Este material tem algumas propriedades interessantes, não observadas na forma tridimensional do ouro, que foram apresentadas num artigo publicado esta quinta-feira na revista Nature Synthesis.

“Se fizermos um material extremamente fino, acontece algo de extraordinário — como acontece com o grafeno”, explica o cientista de materiais Shun Kashiwaya, investigador da Universidade de Linköping, na Suécia, e primeiro autor do artigo, em comunicado publicado no EurekAlert.

A mesma coisa acontece com o ouro. Como se sabe, o ouro é normalmente um metal, mas se tiver a espessura de uma camada de um átomo, pode tornar-se num semicondutor“, acrescenta o cientista.

Conseguir ouro com uma configuração bidimensional é um grande desafio, devido à sua tendência para se aglomerar. As tentativas anteriores resultaram ou numa folha fina com vários átomos de espessura, ou numa monocamada ensanduichada entre ou sobre outro material.

Kashiwaya S., Hultman L. / Nat.
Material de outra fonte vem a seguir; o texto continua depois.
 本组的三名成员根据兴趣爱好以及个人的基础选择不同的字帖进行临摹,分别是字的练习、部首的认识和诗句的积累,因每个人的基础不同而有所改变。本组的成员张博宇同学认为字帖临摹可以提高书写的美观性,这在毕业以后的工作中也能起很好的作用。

Synth

Kashiwaya e os seus colegas não tinham como objetivo fabricar goldeno, mas tropeçaram por acidente nos primeiros passos do seu processo.

“Tínhamos criado o material de base com aplicações completamente diferentes em mente”, diz o físico de materiais Lars Hultman, também investigador da Universidade de Linköping e autor principal do estudo.
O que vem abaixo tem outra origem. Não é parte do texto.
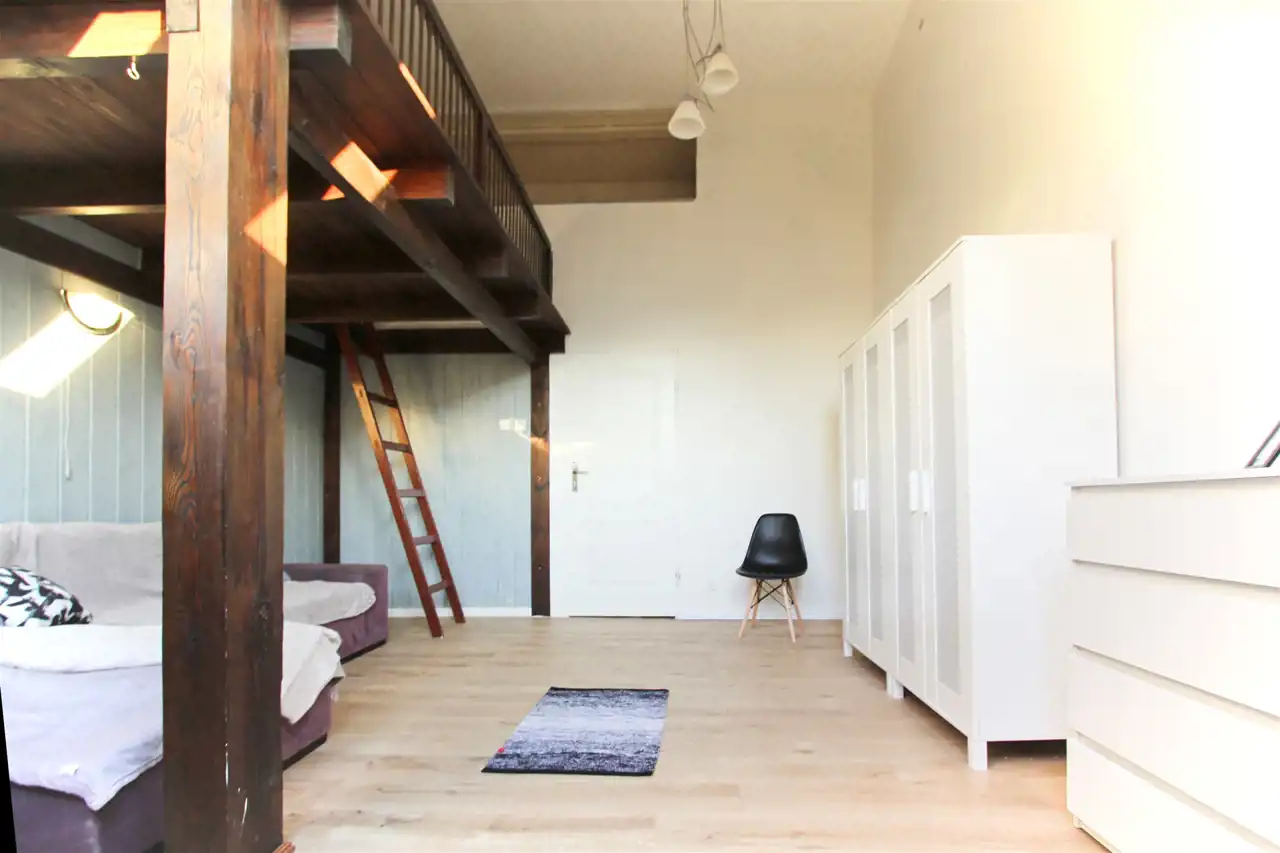 Lokal położony jest na ostatnim piętrze trzypiętrowej kamienicy.

“Começámos com uma cerâmica condutora de eletricidade chamada carboneto de silício de titânio, onde o silício se encontra em camadas finas. Depois, a ideia era revestir o material com ouro para fazer um contacto“, explica Hultman.

“Mas quando expusemos o componente a altas temperaturas, a camada de silício foi substituída por ouro no interior do material de base”, conta o investigador.
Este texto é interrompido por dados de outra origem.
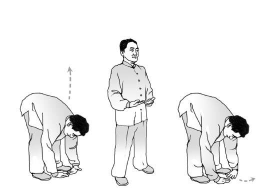 ③霸王作揖:两手掌心下按,如捞月状回至丹田,做三次。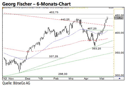 Rückblick: Nach einem gewaltigen langfristigen Kurseinbruch waren die Aktien von Georg Fischer seit dem Frühjahr 2009 in einer steilen Aufwärtsbewegung...

Até aqui tudo bem. Mas, tal como noutras tentativas de criar ouro em monocamada, o progresso estagnou nesta fase crítica.

Olov Planthaber

Lars Hultman e Shun Kashiwaya, investigadores da Universidade de Linköping, criaram “goldeno”

Durante vários anos, o carboneto de ouro e titânio intercalado que a equipa tinha criado não passou disso mesmo; não havia qualquer forma de extrair as camadas super-finas de ouro de entre as camadas de titânio e carbono que o ensanduicham.

Mas, na sua pesquisa, os investigadores experimentaram aplicar o chamado “reagente de Murakami” a uma técnica tradicional de “etching” — processo de gravação em que se usa um ácido ou outro agente químico para cortar ou gravar linhas numa superfície, muitas vezes utilizado para criar estruturas ou padrões a nível microscópico em materiais.

O reagente de Murakami é uma mistura de químicos utilizados na metalurgia para gravar o carbono e manchar o aço, resultando no tipo de padrões que se vêem em algumas facas japonesas.

Os investigadores experimentaram diferentes concentrações da mistura e diferentes períodos de tempo para que o processo de corrosão corroesse o titânio e o carbono em torno do ouro. Quanto mais tempo deixavam a mistura repousar, melhores eram os resultados.

O efeito de corrosão do reagente de Murakami cria um subproduto chamado ferrocianeto de potássio. Se for exposto à luz, o composto liberta cianeto que dissolve o ouro, pelo que o processo de gravação teve de ser feito totalmente no escuro.

Ainda assim, a fina folha de ouro obtida tinha tendência para se enrolar e aglomerar, o que foi resolvido com a adição de um tensioativo que impediu que a camada se dobrasse e se colasse a si própria, mantendo a integridade da monocamada.

Análises posteriores revelaram que estes passos complicados conseguiram finalmente formar um material estável, composto por uma mono-camada de ouro, tal como as simulações teóricas tinham previsto.

Normalmente, o ouro é um excelente condutor de eletricidade. Quando o elemento assume a forma de uma folha bidimensional, os átomos têm duas ligações livres, transformando-o num semicondutor com propriedades condutoras entre um condutor e um isolante, cuja condutividade pode ser ajustada.

O ouro já tem propriedades que o tornam muito apreciado em aplicações químicas. Ao conferir-lhe as propriedades de um semicondutor, abre-se um leque totalmente novo de formas de utilização, incluindo a purificação da água, a comunicação e os processos químicos de fabrico.

Resta agora saber se o novo material vai adotar em português a designação de “goldeno” ou… “oureno”.